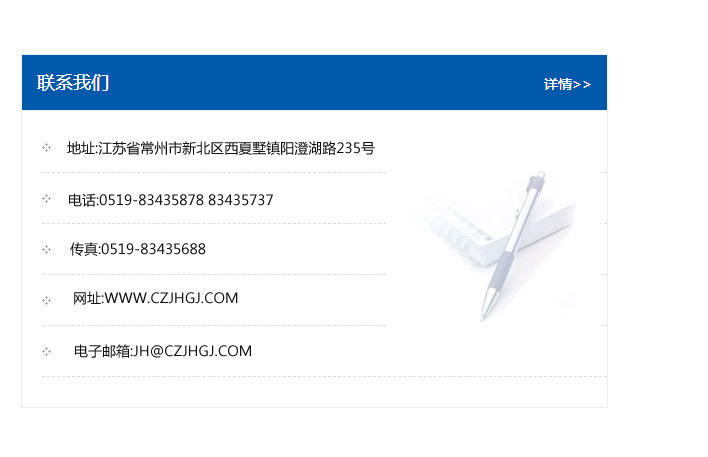 傳真:0519-83435688    郵編:213135    網址:WWW.czjhgj_com.yayafun.com    電子郵箱:JH@czjhgj_com.yayafun.com
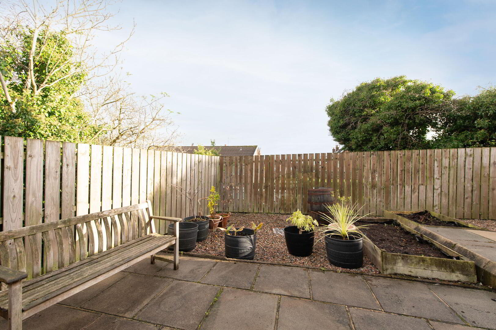 Enclosed paved garden to side and rear, area in stones, outside light and tap
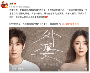 Trước Trung thu hai ngày (08/09/2022), Vương Tích phát hành ca khúc “Bà ngoại”, song ca cùng ca sĩ Trương Khả Doanh.

______________________________

BRIEF >>
For your answer, write out the data exactly and drop every picture.

COMPLETED TASK >>
 傳真:0519-83435688    郵編:213135    網址:WWW.czjhgj_com.yayafun.com    電子郵箱:JH@czjhgj_com.yayafun.com
 Enclosed paved garden to side and rear, area in stones, outside light and tap
 Trước Trung thu hai ngày (08/09/2022), Vương Tích phát hành ca khúc “Bà ngoại”, song ca cùng ca sĩ Trương Khả Doanh.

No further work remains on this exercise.